Virginia was less sanguine than Leonard about the project. She wrote to Roger Fry that she was alarmed at the Press ‘having laid out £800 in the works of Freud’. The stock arrived in July 1924, and was ‘dumped in a fortress the size of Windsor castle in ruins upon the floor’ in the basement at Tavistock Square. The head of their assistant, Miss Higgs, appeared ‘undaunted and garrulous above the battlements’. To her friend Molly MacCarthy, Virginia wrote impatiently ‘we are publishing Dr Freud, and I glance at the proof and read how Mr A. B. threw a bottle of red ink on to the sheets of his marriage bed to excuse his impotence to the housemaid, but threw it in the wrong place, which unhinged his wife’s mind, – and to this day she pours claret on the dinner table. We could all go on like that for hours; and yet these Germans think it proves something ? besides their own gull-like imbecility.’ (Letters iii, 133; 119; 134-5)
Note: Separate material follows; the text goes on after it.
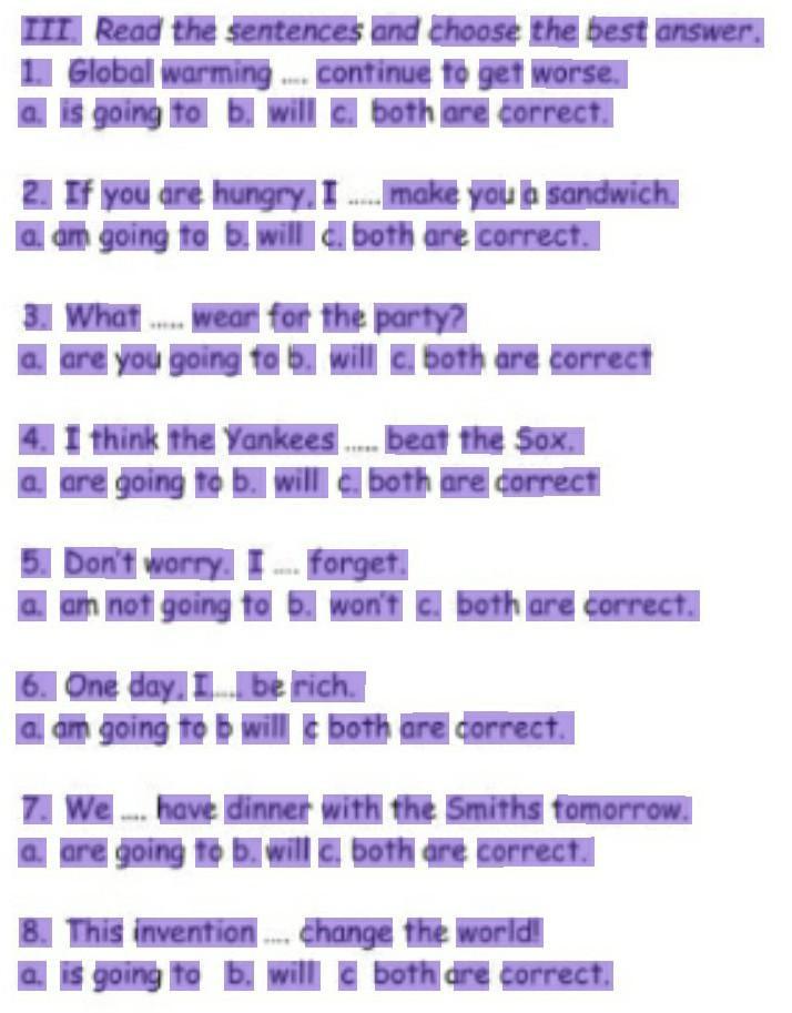 IIT Прочтите предложения и выберите лучший ответ. 1 Глобальная война будет продолжаться еще хуже. оба верны

Virginia’s impatience can be explained in several ways: she was certainly uneasy about the £800 that the Hogarth Press had laid out, but it may also have been connected with her own experiences of ‘mind’ doctors during her 1913 breakdown, reflected in her sinister portrait of Sir William Bradshaw, the defender of ‘proportion’ in Mrs Dalloway. Her anxieties and inhibitions may have contributed to her resistance, as perhaps did her feelings of guilt towards her younger brother Adrian. Adrian and his wife Karin were both currently being analysed by James Glover, and were simultaneously training to become doctors. Adrian’s analysis put a great strain on his marriage, and for several years he and Karin lived apart. Virginia reported to her sister Vanessa that ‘his tragedy – as the dr calls it – is all our doing.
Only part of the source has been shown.